Conversely from the GLIMPSE1 method, GLIMPSE2 approach is primarily focused on imputation only from the reference panel and it optimizes this task by incorporating new features. First, the reference panel is represented sparsely in memory, allowing for efficient storage of dense cohorts. The sparse representation of the reference panel facilitates the introduction of a new data structure to hasten haplotype matching and an efficient implementation of the HMM, which calculates posterior probabilities by leveraging the sparsity of the panel. Additional features of GLIMPSE2 include a genotype caller that integrates genotype likelihood computations directly into the GLIMPSE software and imputation of small insertions and deletions and low-quality variants separately from SNPs, by performing imputation into a haplotype scaffold obtained from high-quality SNPs.

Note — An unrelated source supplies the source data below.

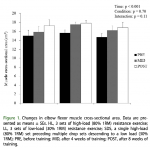 Já o terceiro grupo combinava estímulos tensionais e metabólicos. Esse grupo fazia uma única série com 80% 1RM até a falha, e sem intervalos realizava drop-sets (65%, 50%, 40% e 30% 1RM), todos até a falha, com binando o estímulo tensional da carga inicial, com os metabólicos das cargas subsequentes.
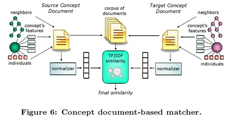 First layer matchers compare concept features (e.g., label, comments, annotations, and instances) and use a variety of methods including syntactic and lexical comparison algorithms as well as the use of a lexicon like Word Net. Of those methods some were proposed by others (e.g., edit distance, Jaro-Winkler) and some devised by us, including a substring-based comparison that favors the length of the common substrings and a concept document-based comparison containing a wide range of features. Those features are represented as TF-IDF vectors and use a cosine similarity metric (see Figure 6).
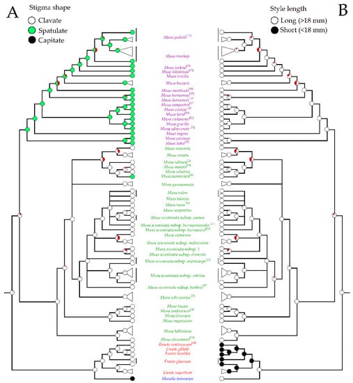 Phylogenetic trees of Musaceae based on the stigma shapes (A) and the style lengths (B) of male flowers. The trees show ancestral state reconstruction based on Bayesian posterior probabilities of selected morphological states on Bayesian topology constructed from nrDNA and plastid combined data. The tree separated banana clades including Musella (blue font), Ensete (red font), species of the sect. Musa (green font) and species of the sect. Callimusa (purple font). Circles on nodes show character changes between the taxa, red pies represent node absent and gray pie represent equivocal. Morphological characters from other publications were labeled with reference number [11,12,13,14,15,16,17,18,19,20,21,22,23,24,25,26,27,28,29,30].
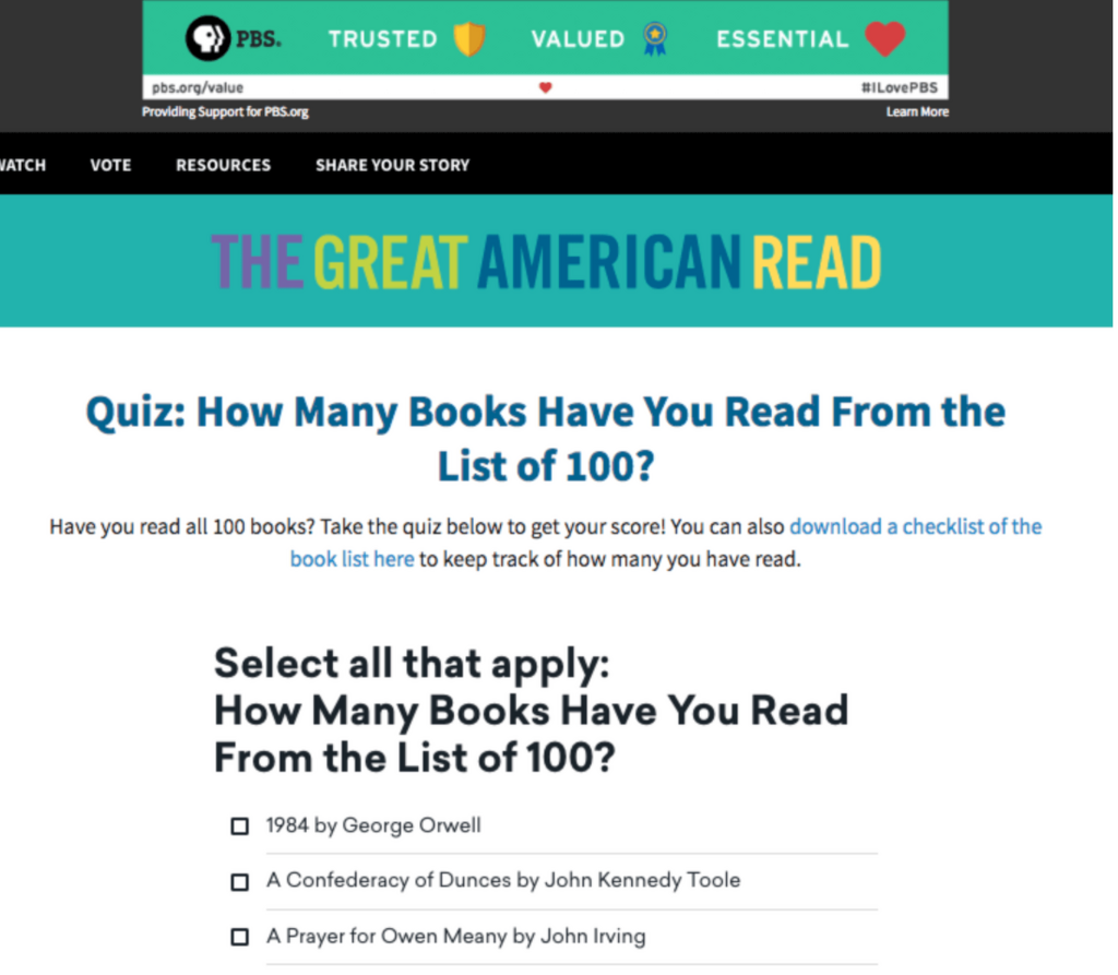 NPR’s version of the How-Educated-Are-You-Quiz has gained over 13k interactions since it’s launch in 2018. The format offers a downloadable checklist which makes this quiz a bit more meaty than others in the “how smart are you?” category.
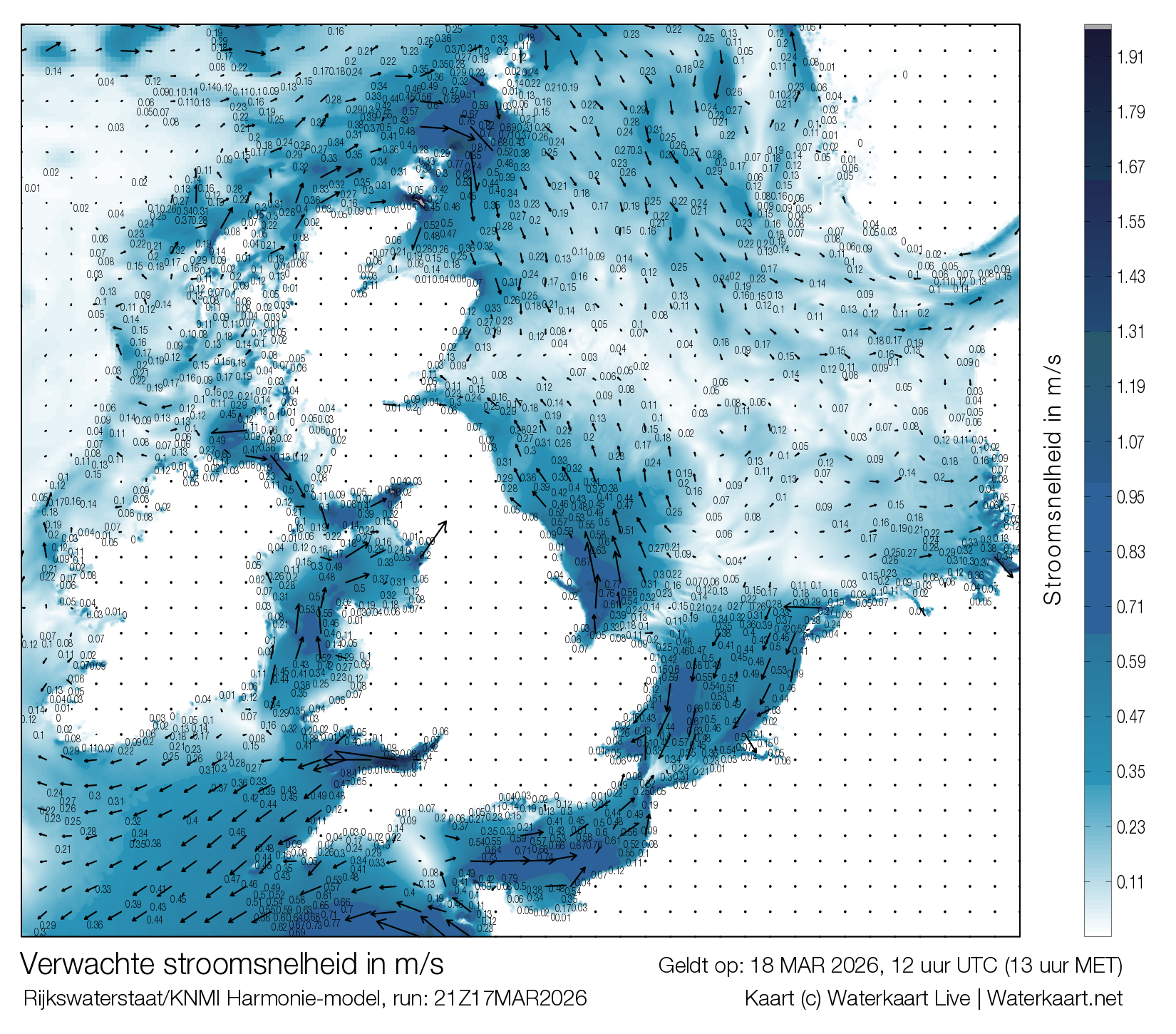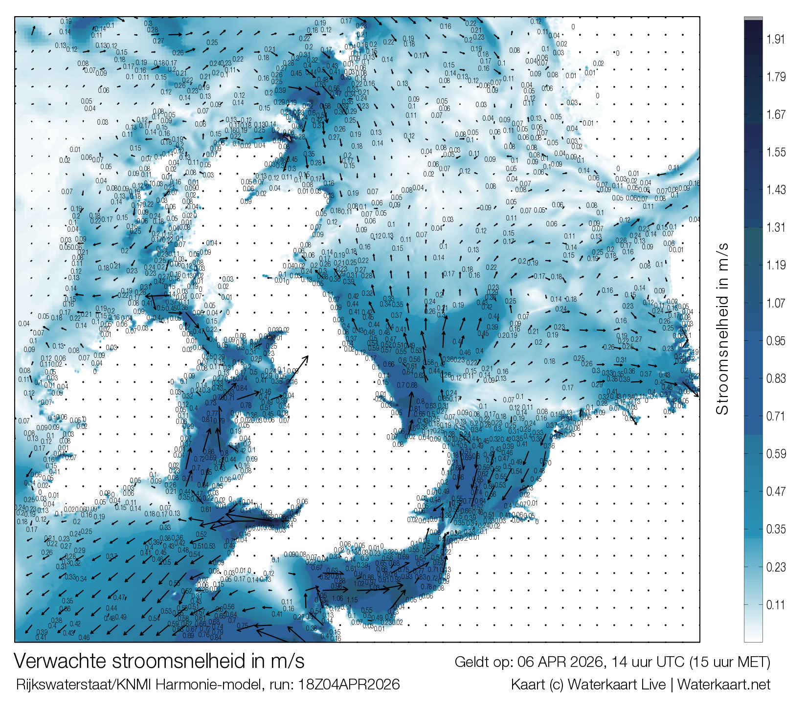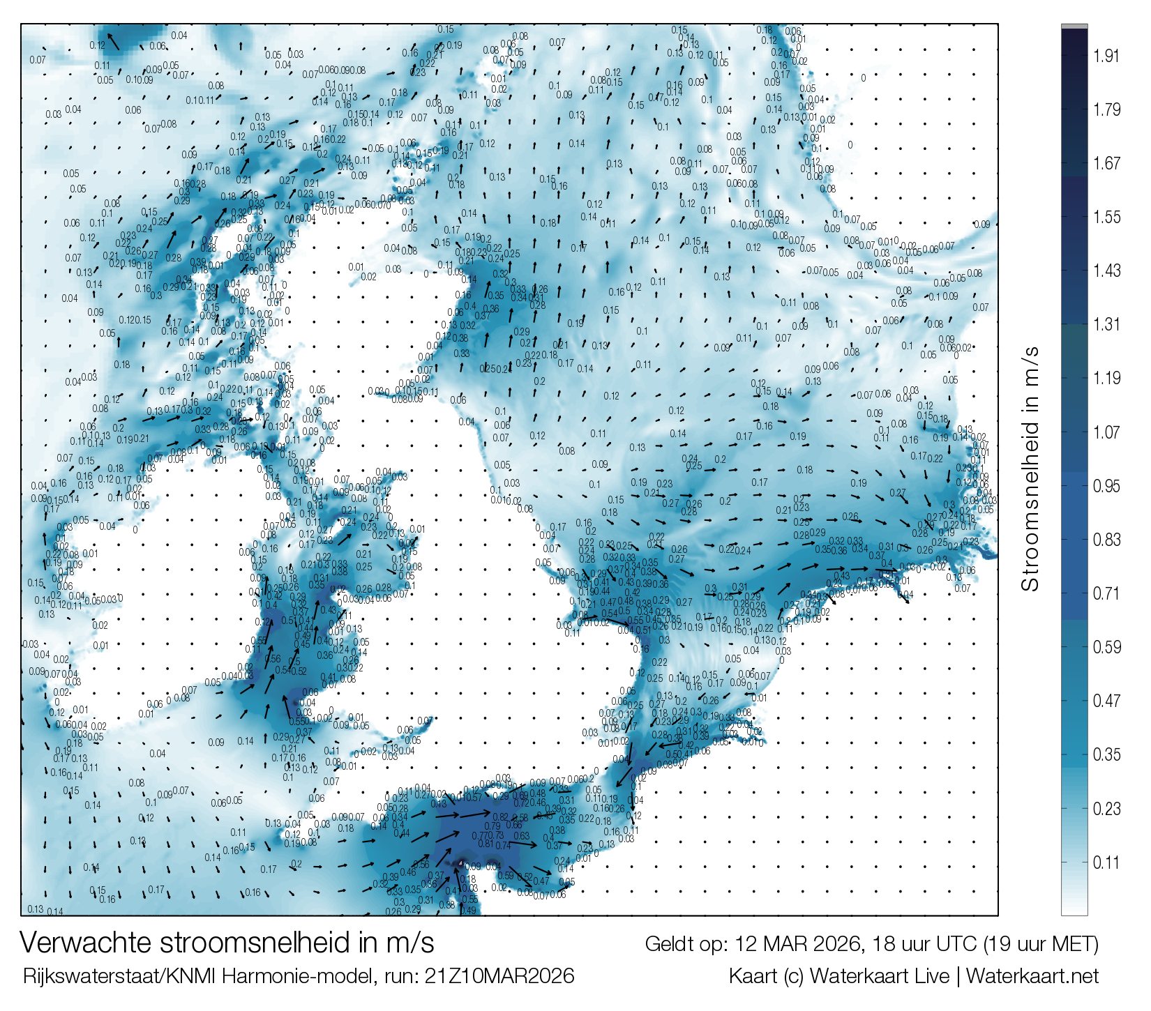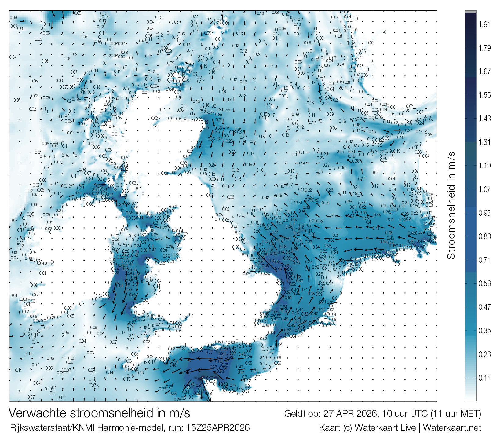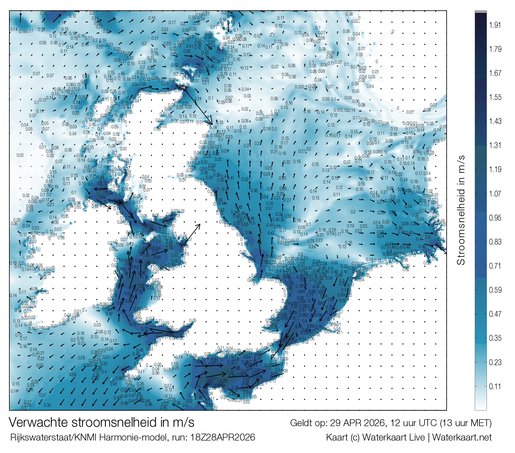 Stroomsnelheden in de Noordzee op basis van de Stroomatlas, verrekend met weersinvloeden. Deze worden iedere dag ververst met data uit het zeestromingen model van Rijkswaterstaat op basis van Harmonie weerdata, voor ieder uur een kaart, tot 48 uur in de toekomst. Lees hieronder meer over dit model
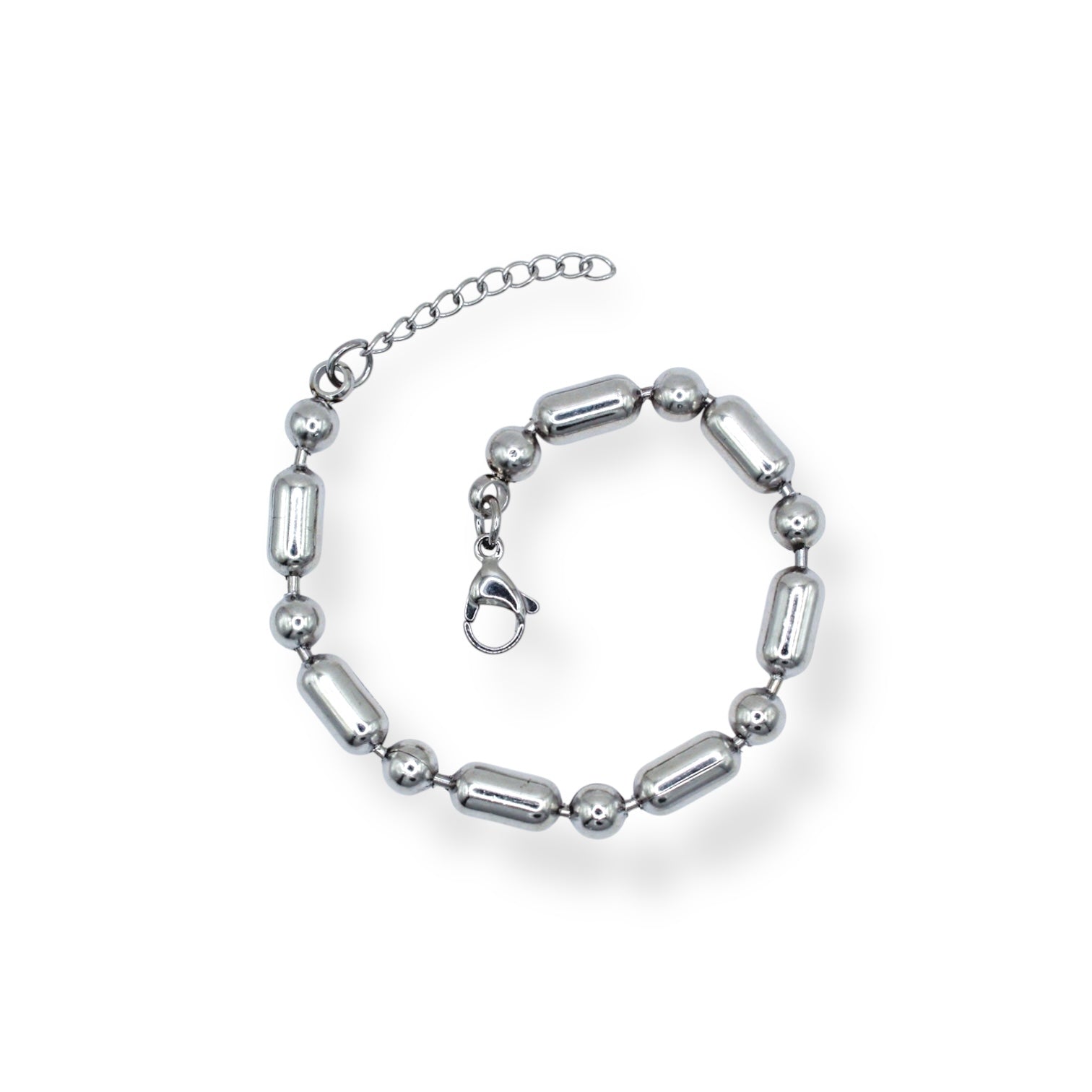 PULSERA PLATEADA BOLITAS Y CILINDROS LISOS
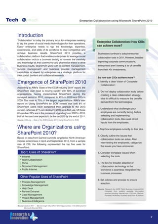This document discusses enterprise collaboration using Microsoft SharePoint 2010. It provides an overview of SharePoint 2010's capabilities for content management, records management, and business process management. It also highlights how leading organizations are using SharePoint 2010 for their intranet, portal, content, collaboration and knowledge management needs. Examples of successful implementations at companies like Sony Electronics, Owens Corning, and a fire safety products company are also mentioned.
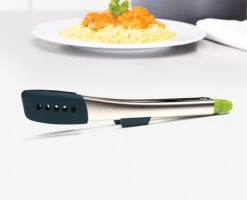 These Elevate⢠tongs are made from stainless-steel with silicone tips and can be locked or unlocked easily using the catch in the handle.
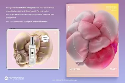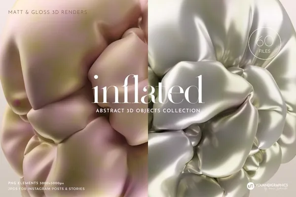 潮流未来派圆抽象几何球体3D形状PNG设计素材合集 Abstract Inflated 3D Objects
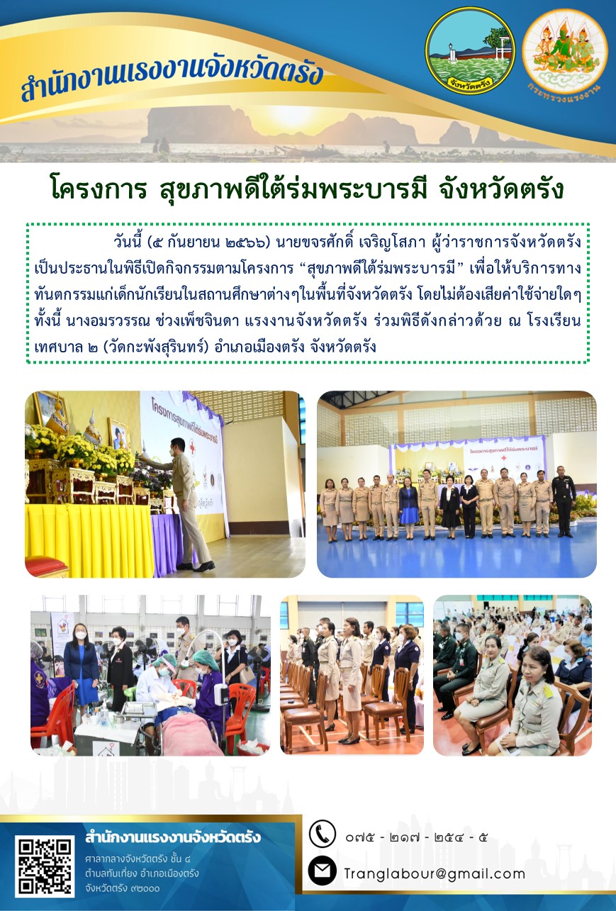 สรจ.ตรัง ร่วมพิธีเปิดกิจกรรมตามโครงการ “สุขภาพดีใต้ร่มพระบารมี” จังหวัดตรัง
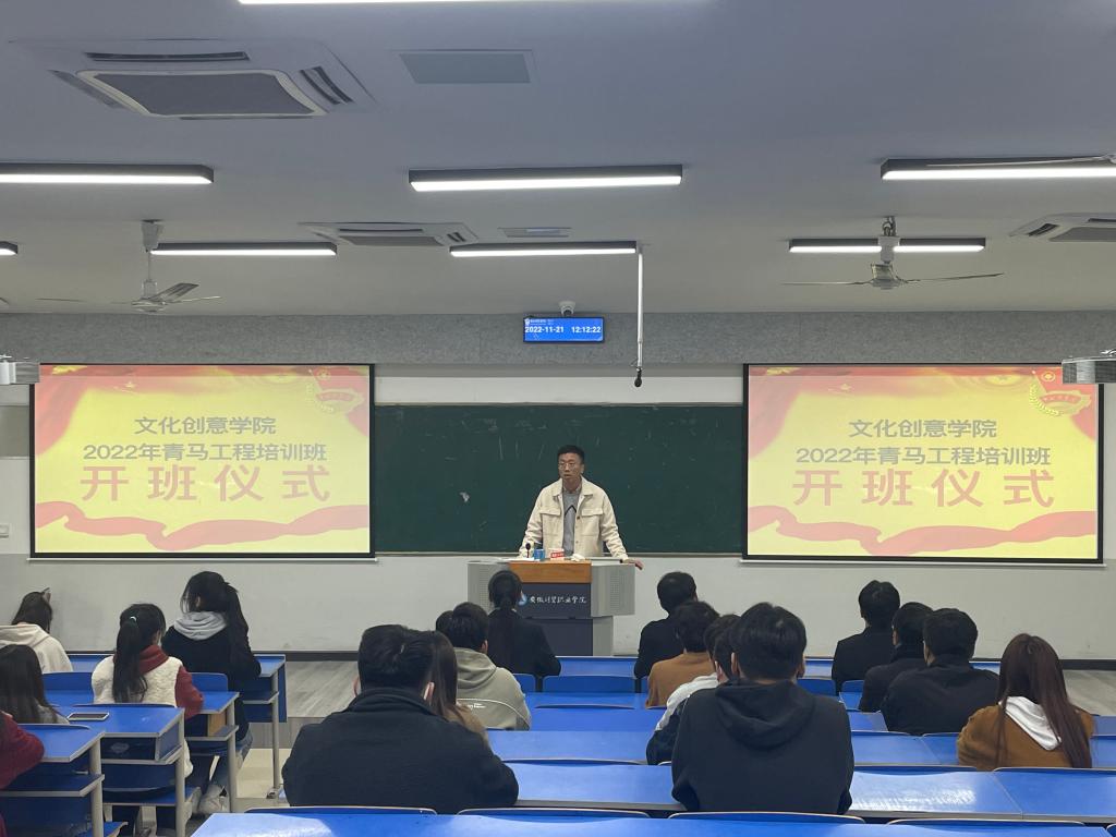 为深入学习宣传贯彻习近平新时代中国特色社会主义思想,进一步掀起我院青年学生学习宣传贯彻党的二十大精神热潮,11月21日,文化创意学院举行2022年度“青马工程”培训班开班仪式,会议由团总支书记刘凯主持。

The subsequent sections will provide a more comprehensive explanation of three of the previously referenced features, which are critical for the ability of the model to scale when applied to deeply sequenced reference panels. Further details regarding the method can be found in Supplementary Note 1.2.2.

Sparse reference panel representation

GLIMPSE2 represents the reference panel as a sparse matrix, encoding haplotypes with one bit per allele if the variant is defined as common (MAF ≥ 0.001 by default) and storing the indices of the haplotypes that carry the minor allele, otherwise. This data representation allows for small memory usage but also for a fast identification of the haplotypes carrying a rare variant. Additionally, the transpose of the data structures gives efficient access to the rare variants of each haplotype. More details can be found in Supplementary Note 1.2.2.1.

We encoded the sparse reference panel representation in a binary file format to be efficiently stored on the disk. The file format translates directly into the memory data structures used by GLIMPSE2 and does not require any general-purpose compression algorithm. Together with the reference file format, we store the run-length encoded sparse positional Burrows–Wheeler transform (PBWT) data structure in the same file file, together with the recombination map. As a result, all the data related to the reference panel can be quickly loaded in memory, in much faster running times than standard file formats, such as VCF and BCF.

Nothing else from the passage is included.